REQUIREMENT:
Among the records that follow, set down only the lines from the one containing "続いて、昨年に比べて毎月の電" to the one containing "Plots of the", both included, exactly.
#### DATA SECTION
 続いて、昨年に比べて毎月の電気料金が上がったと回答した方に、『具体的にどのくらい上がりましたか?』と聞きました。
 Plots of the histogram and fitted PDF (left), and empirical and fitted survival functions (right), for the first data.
########
#### DATA SECTION
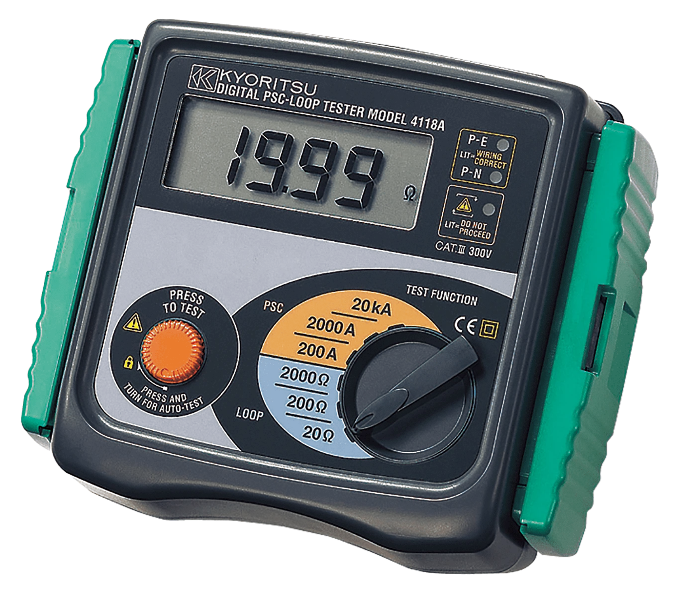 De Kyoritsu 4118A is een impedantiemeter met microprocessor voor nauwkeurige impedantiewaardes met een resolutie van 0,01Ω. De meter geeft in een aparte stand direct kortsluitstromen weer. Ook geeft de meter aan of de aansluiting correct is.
########
#### DATA SECTION
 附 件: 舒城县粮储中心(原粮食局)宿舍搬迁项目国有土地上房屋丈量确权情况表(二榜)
########
PROBLEM SOLUTION:
 続いて、昨年に比べて毎月の電気料金が上がったと回答した方に、『具体的にどのくらい上がりましたか?』と聞きました。
 Plots of the histogram and fitted PDF (left), and empirical and fitted survival functions (right), for the first data.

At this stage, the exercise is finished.